[Items from a data source]
______________________________
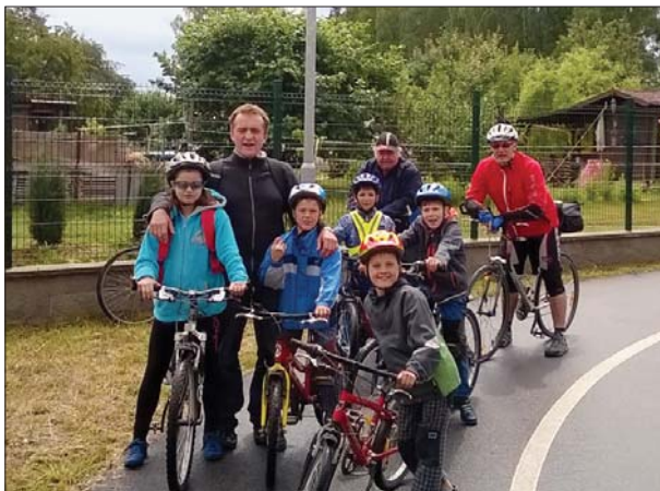
Cyklistický výlet do Kuksu 20. 6. 2015

drobné technické problémy na vozidle se výlet vydařil. Cestou jsme se podívali na trhy v Pecce. Poté jsme pokračovali do Dětenic, kde jsme po prohlídce zámku a Pekla zavítali do středověké krčmy, kde probíhal historický večerní program.
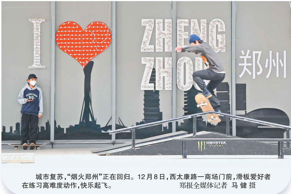
城市复苏,“烟火郑州”正在回归。12月8日,西太康路一商场门前,滑板爱好者在练习高难度动作,快乐起飞。

据了解,郑州市公交第三运营公司将在高峰期增加发车,特别是在6:30-8:00、16:00-17:30投放充足运力,对于市民出行需求量较大的906路、904路、84路、S162路、291路、298路、S139路、S117路、S122路、315路、B58路、269路等线路的平均高峰发车间隔缩短6-8分钟,尽力缩短市民候车时间。
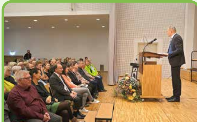
Bürgermeister Ralf Weiße bei der Festansprache
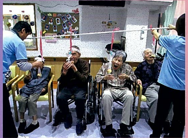
皆さん、一所懸命です！
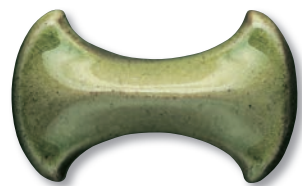
VCL-A-3 (Oribe Green)
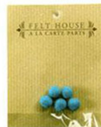
ウールボンボン 10 ミリ 5個入り 色番：21
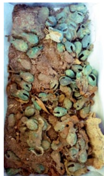
FIGURA 2. Aspecto del entierro en el edificio Cascabeles y de las Tobilleras después de su excavación.
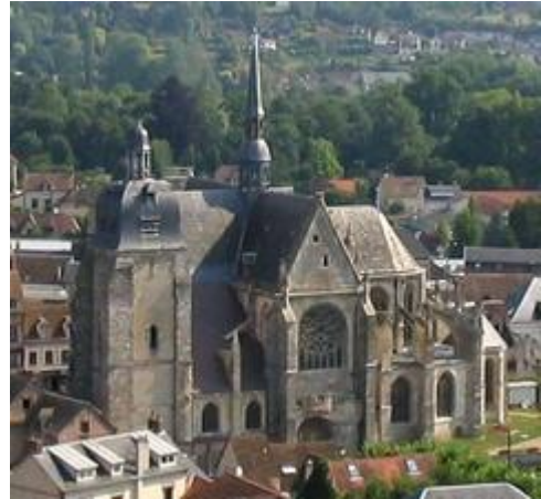
Die Kirche St Sulpice
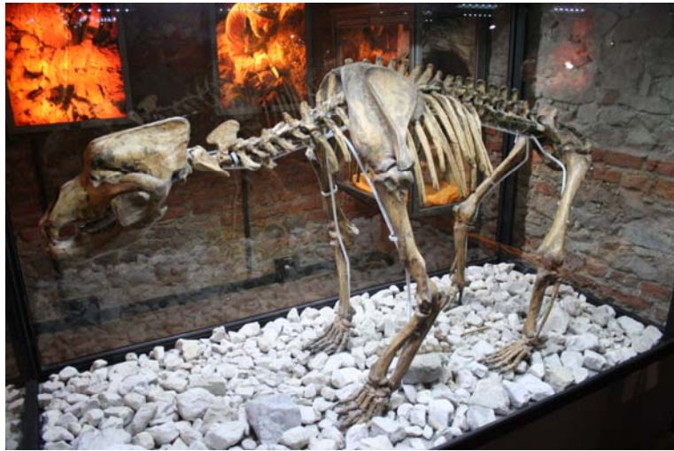
Interno del museo sui fossili Dolomythos a S. Candido
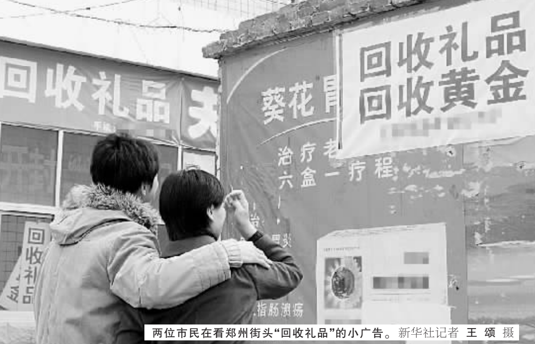
两位市民在看郑州街头“回收礼品”的小广告。

春节刚刚收起脚步, 街上名烟酒店“礼品回收”又开始热闹起来, 甚至在春节礼品回收的生意也做得沸沸扬扬。不少市民把家中消费不了的烟酒、保健品赠品等送到这些礼品回收处换成现金, 而这些店铺的老板也称开办这样的项目是解了市民的“燃眉之急”。但是, 昨日记者从工商部门获知: “回收烟酒等礼品, 毫无疑问是违法经营行为。”
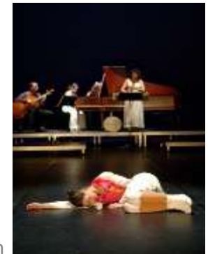
Café-Passion / Opéra-Slam

Elle mène un travail de recherche continue sur l'œuvre de Jon Fosse et propose régulièrement des lectures et mises en espaces de ses pièces ou romans.
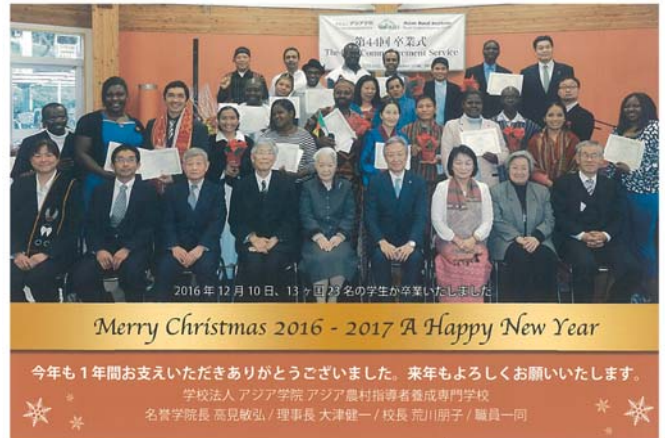
アジア学院よりの礼状

創設以来の先輩会員の寄付に感謝いたしますと共に、今後も当クラブの伝統であります、米山奨学会へのご理解と寄付につきまして何卒よろしくご協力の程お願いたします。
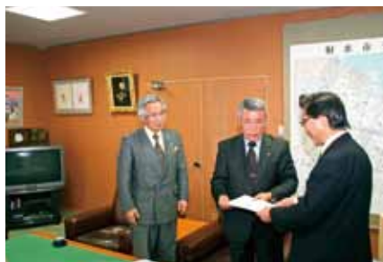
■行財政改革の推進に向けた提言
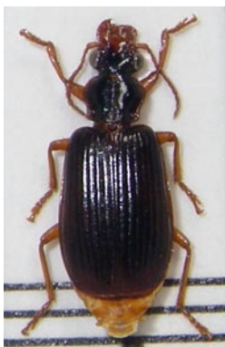
26. ミツアナアトキリゴミムシ
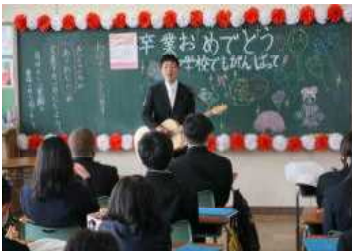
最後の教室で担任のK先生が 「栄光の架け橋」を熱唱!
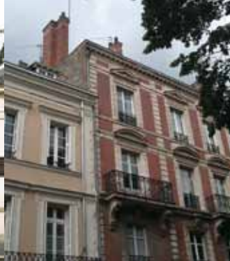
Immeuble rue de la Paix
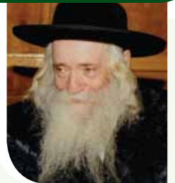
צאנז קלויזענבורגער רבי בעל 'שפע חיים' זצ"ל

אמן און ברכות אין די וועג פונעם בעל הילולא
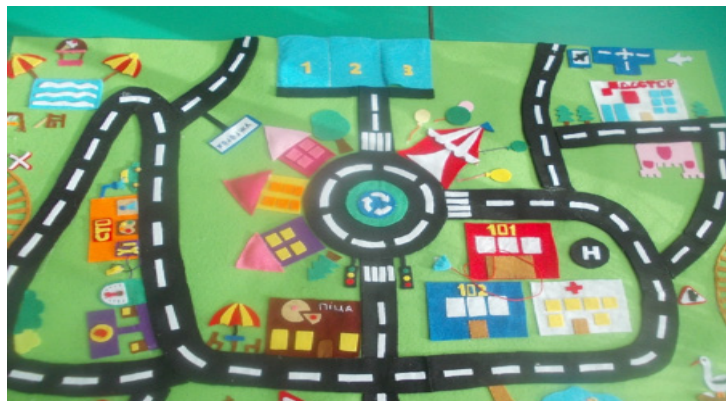
Килим «Дороги Ужгорода»

Творчо підходжу і до проведення святкових ранків. Обов'язково залучаю до них батьків. Наприклад, для конкурсу «Малятко» пошили спеціальну ширму з отворами для рук тата й мами, що стала основою проведення жартівливого дійства. Також тати дівчат затанцювали з ними зворушливий танець для мам. Ці ідеї запозичила з каналу YouTube, творчо переосмисливши та доповнивши їх.
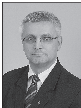
Szebellédi Zoltán polgármester

Az összegzés a képviselő-testület négy éves munkáját mutatja be, lerövidítve az eredeti előterjesztést, mely teljes terjedelmében a www.ujkigyos.hu weboldalon, illetve Újkígyós város hivatalos facebook oldalán, valamint nyomtatott formában a városi könyvtárban és az Újkígyósi Közös Önkormányzati Hivatal ügyféltérben olvasható.
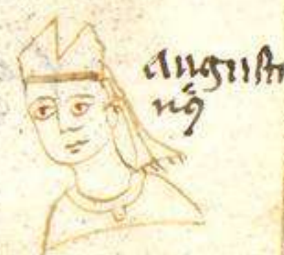
Augusti n' g

vidit q'da uultu tribule p' . alitulle. 2. morte s' m' m' a' te n' p' m' . i' o' i' b' u' s' e' x' a' u' d' i' s' s' .
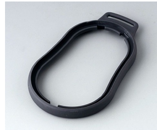
B9006302 Bague intermédiaire DL TPE lava
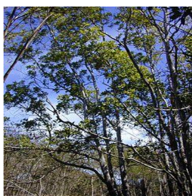
j. Akasia ( Acacia mangium )
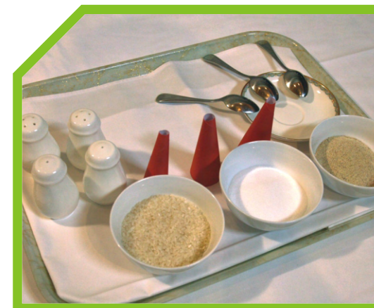
SẮP XẾP DỤNG CỤ
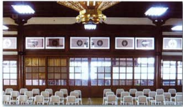
旧本堂で使われていたガラス

旧本堂の解体作業は、とても丁寧な過程を経て行われました。一つ一つの部品を次の本堂で使えるかどうかを吟味し、その中でこれらの虹梁と下がり藤のガラスは貴重なもののひとつとして残されることになりました。ただの再利用ということにとどまらず、その趣のある存在感は、現在の本堂が新しい故にまだ持ち得ない雰囲気を補うための新たな役割りを担っているかのようです。
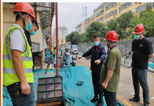
水兴市政工程施工检查现场

本报讯 为进一步落实企业安全生产主体责任,推进集团环境安全管理和有限空间作业管控,9月2日,集团党委副书记、董事、总经理王吾雪带队,先后到水兴市政工程施工现场、新水河污水开展安全环保和有限空间作业专项检查。 在水兴市政老旧小区自来水“一户一表、计量出户”施工现场,王吾雪听取了现场负责同志对施工现场安全环保措施的介绍,仔细查看了施工现场对扬尘的治理、噪声污染的控制、固废的处置、劳动
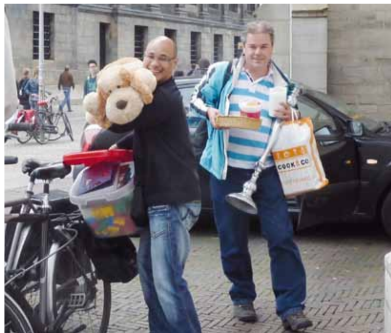
Geloof in uitvoering!

Zie verder: www.protestantsamsterdam.nl/geloofscursussen
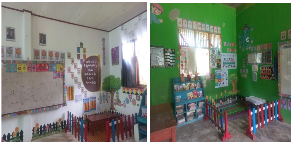
Gambar 2. Pojok Sultan
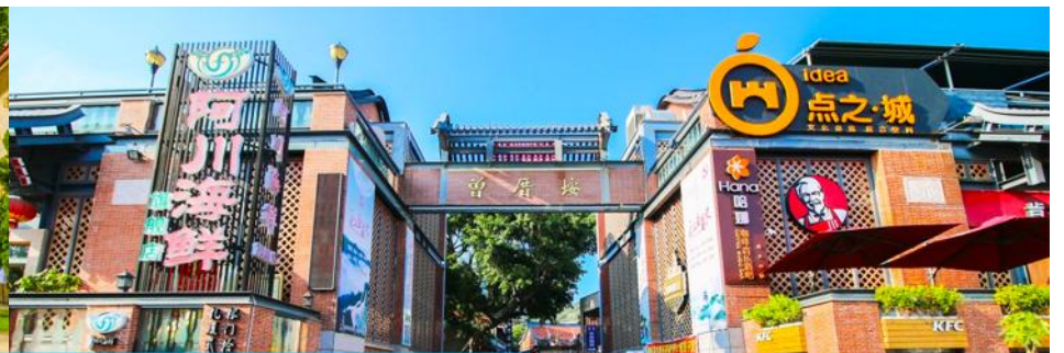
หมู่บ้านชาวประมง เจิงจ้าวอัน
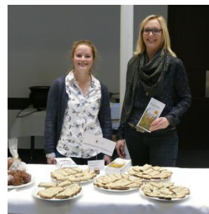
Fränkischer Grünkern-Aufstrich beim Markt der regionalen Produkte

Die Veranstaltung im Harz brachte zwei interessante und lehrreiche Tage. Wir freuen uns im nächsten Jahr wieder daran teilnehmen zu dürfen.
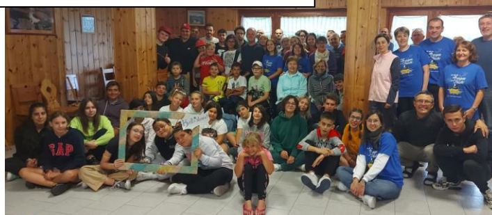
Alessandria – campo unitario

un consuntivo ancora provvisorio registra una bella ripresa dei campi estivi dell'AC: sono 12 le AC diocesane che quest'estate hanno organizzato campi formativi per ragazzi, giovani, adulti, responsabili, alcuni "speciali" (ecumenico, biblico). Oltre 60 appuntamenti che hanno coinvolto circa 3.700 partecipanti, con una preparazione impegnativa, sia per l'organizzazione sia per la formazione che ha coinvolto responsabili, animatori, referenti, assistenti. Un'esperienza significativa che guarda al futuro delle persone e della nostra comunità.
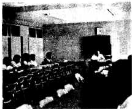
熱者、若い後継者とビジョン対話集會
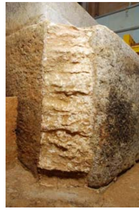
26：石室北東隅の目地留め漆喰
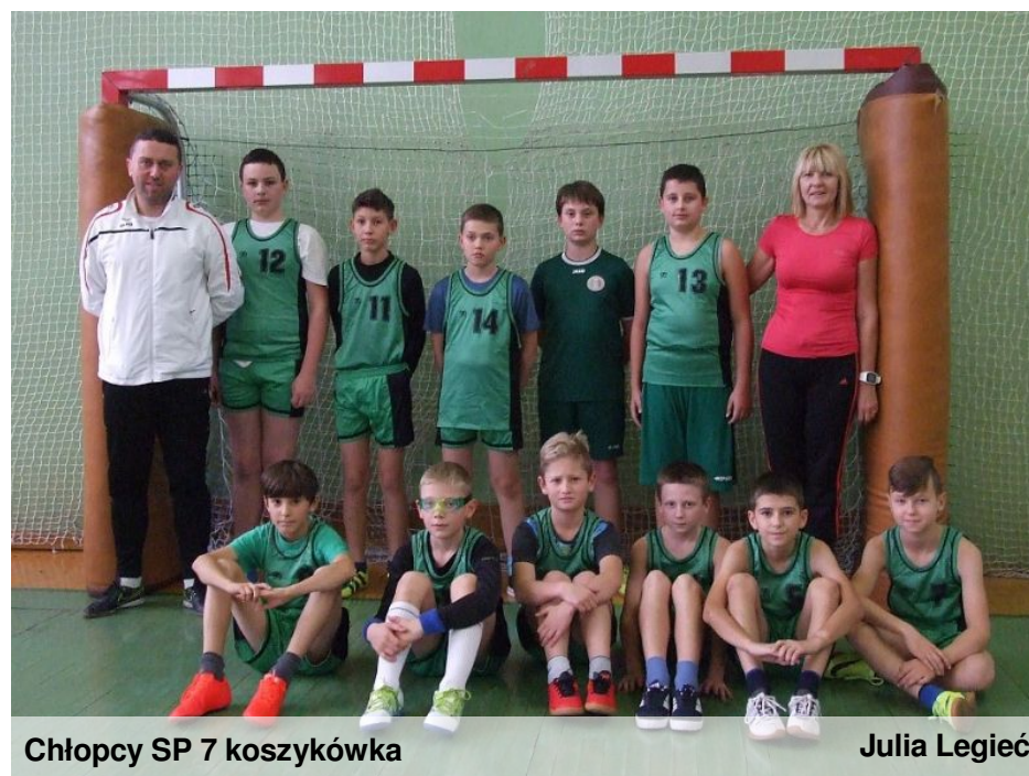
Chłopcy SP 7 koszykówka
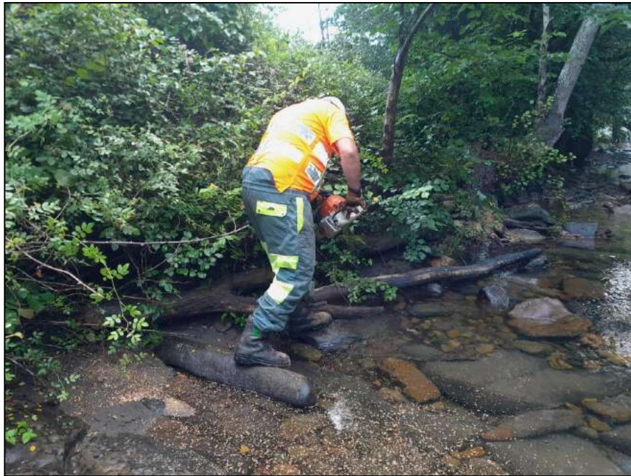
Trabajos de troceo de árbol caído en la margen del río Gándara
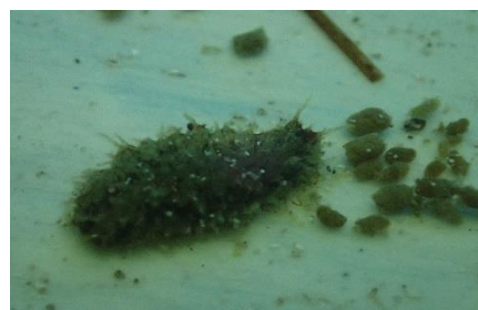
Gambar 2. Juvenil awal penelitian (a) dan Juvenil akhir penelitian (b)
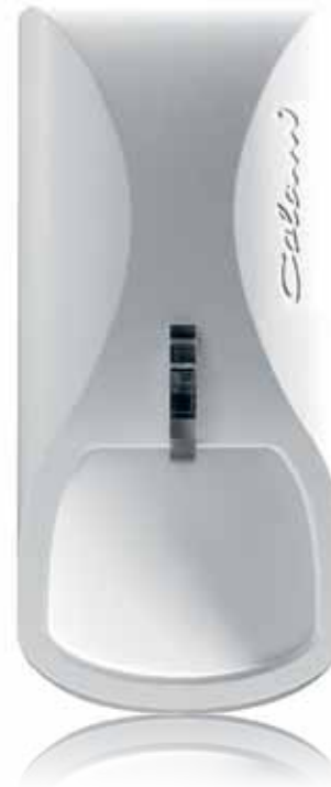
Das Gehäuse des Bewegungsmelders comstar stammt von Designer Luigi Colani.
______________________________
- Directions -
Look through the entries above and list every line containing "výlet".

- Output for this exercise -
Cyklistický výlet do Kuksu 20. 6. 2015
drobné technické problémy na vozidle se výlet vydařil. Cestou jsme se podívali na trhy v Pecce. Poté jsme pokračovali do Dětenic, kde jsme po prohlídce zámku a Pekla zavítali do středověké krčmy, kde probíhal historický večerní program.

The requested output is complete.